> Task instructions: Only the lines from the one with "36 Court Street" through the end of the material are wanted, copied exactly and with the pictures left out.

> Provided data:
————

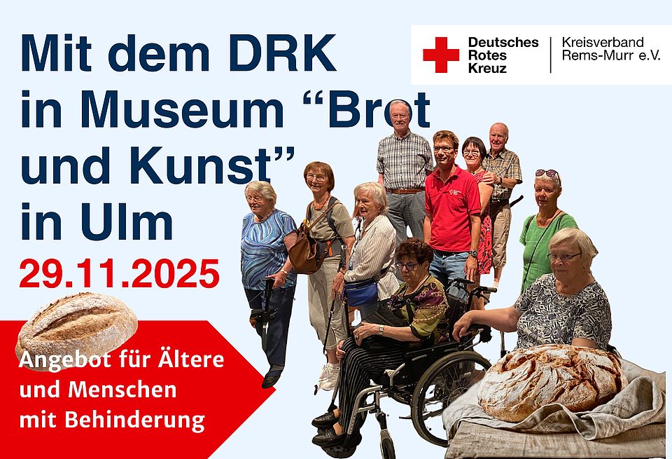 Das DRK will Älteren und Menschen mit Handicap Erlebnisse ermöglichen, die sie sonst nicht erfahren könnten. Einen begleiteten Ausflug mit Führung für diese Menschen bietet der DRK-Kreisverband Rems-Murr e.V. am Samstag, 29. November, an. Gemeinsam geht es ins Museum „Brot und Kunst“ nach Ulm. Die Ausstellung im Museum Brot und Kunst hat zwei Teile. Auf der einen Seite steht die Kunst, auf der anderen die Themen rund um Brot, Alltag, Ernährung und Konsum. Wer Interesse hat, wird vom DRK Rems-Murr am Samstag, 29. November, vormittags zu Hause abgeholt und wieder zurückgebracht. Während des gesamten Ausflugs stehen erfahrene Mitarbeiter bereit, um die Teilnehmerinnen und Teilnehmer zu begleiten. Auch Angehörige sind herzlich eingeladen, sich zum Ausflug anzumelden. Nach dem Museumsbesuch – eine Führung ist eingeplant – ist eine gemeinsame Einkehr auf eigene Rechnung in einem Restaurant vorgesehen. Für Hin- und Rückfahrt, Eintritt und Führung berechnet das DRK einen Pauschalpreis von 95,90 Euro pro Person – auch für Begleitpersonen. Die Teilnehmerzahl ist auf 20 Personen begrenzt. Anmeldungen bis Mittwoch, 19. November, bei Frau Dorothea Franz unter 07151 2002-31 (Montag bis Donnerstag, 8 bis 11.30 Uhr) oder per Mail, dorothea.franz@drk-rems-murr.de, anmelden.
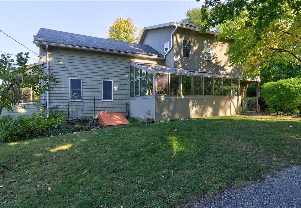 36 Court Street in Aurora offers comfortable village living just a short stroll from Cayuga Lake. This 3 bedroom, 2 bath home provides over 2,300 square feet of living space, perfect for those who appreciate room to spread out. Features include hardwood floors, several built-in bookshelves for the avid reader, and the convenience of second-floor laundry. Relax on the screened-in porch with your morning coffee, or enjoy the private backyard with its small cabin ideal for hobbies or extra storage. You'll also find two pawpaw trees and black currents in the backyard, and apple trees gracing the front yard. Inside, the home boasts beautiful tile work and a greenhouse that floods the space with natural light and passive solar heat. A wood stove is negotiable, adding a cozy touch for those chilly evenings. This property offers a blend of practicality, charm, and a convenient location. This home is a must-see! Please note that the listed square footage differs from public record and was measured by an appraiser.
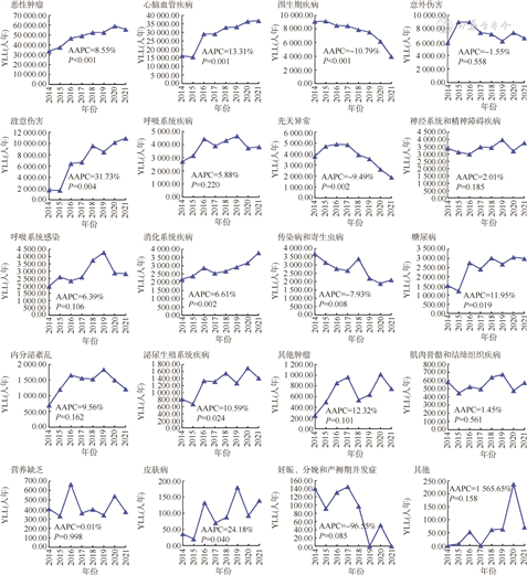 4. YLL及变化趋势:2014-2021年深圳市户籍人口YLL共计1 003 287.43人年;总人群、男性和女性YLL均呈上升趋势(均P<0.001),男性均高于女性,变化趋势与女性基本一致;2014-2021年,YLL率呈略微上升趋势,差异无统计学意义(AAPC=0.21%,P=0.924);标化YLL率呈波动上升趋势(AAPC=4.53%,P=0.022)。见表4。YLL排名前3位的疾病分别为恶性肿瘤、心脑血管疾病和围生期疾病,2014-2021年累计分别损失了386 939.32人年(38.57%)、229 125.76人年(22.84%)和60 732.38人年(6.05%);2014-2021年恶性肿瘤、心脑血管疾病、故意伤害、消化系统疾病、糖尿病、泌尿生殖系统疾病、皮肤病YLL呈上升趋势(均P<0.05),围生期疾病、先天异常、传染病和寄生虫病YLL呈下降趋势(均P<0.05),其中围生期疾病YLL平均每年下降10.79%(P<0.001),先天异常YLL平均每年下降9.49%(P=0.002),传染病和寄生虫病YLL平均每年下降7.93%(P=0.008)。见图2。

————

> The answer:
 36 Court Street in Aurora offers comfortable village living just a short stroll from Cayuga Lake. This 3 bedroom, 2 bath home provides over 2,300 square feet of living space, perfect for those who appreciate room to spread out. Features include hardwood floors, several built-in bookshelves for the avid reader, and the convenience of second-floor laundry. Relax on the screened-in porch with your morning coffee, or enjoy the private backyard with its small cabin ideal for hobbies or extra storage. You'll also find two pawpaw trees and black currents in the backyard, and apple trees gracing the front yard. Inside, the home boasts beautiful tile work and a greenhouse that floods the space with natural light and passive solar heat. A wood stove is negotiable, adding a cozy touch for those chilly evenings. This property offers a blend of practicality, charm, and a convenient location. This home is a must-see! Please note that the listed square footage differs from public record and was measured by an appraiser.
 4. YLL及变化趋势:2014-2021年深圳市户籍人口YLL共计1 003 287.43人年;总人群、男性和女性YLL均呈上升趋势(均P<0.001),男性均高于女性,变化趋势与女性基本一致;2014-2021年,YLL率呈略微上升趋势,差异无统计学意义(AAPC=0.21%,P=0.924);标化YLL率呈波动上升趋势(AAPC=4.53%,P=0.022)。见表4。YLL排名前3位的疾病分别为恶性肿瘤、心脑血管疾病和围生期疾病,2014-2021年累计分别损失了386 939.32人年(38.57%)、229 125.76人年(22.84%)和60 732.38人年(6.05%);2014-2021年恶性肿瘤、心脑血管疾病、故意伤害、消化系统疾病、糖尿病、泌尿生殖系统疾病、皮肤病YLL呈上升趋势(均P<0.05),围生期疾病、先天异常、传染病和寄生虫病YLL呈下降趋势(均P<0.05),其中围生期疾病YLL平均每年下降10.79%(P<0.001),先天异常YLL平均每年下降9.49%(P=0.002),传染病和寄生虫病YLL平均每年下降7.93%(P=0.008)。见图2。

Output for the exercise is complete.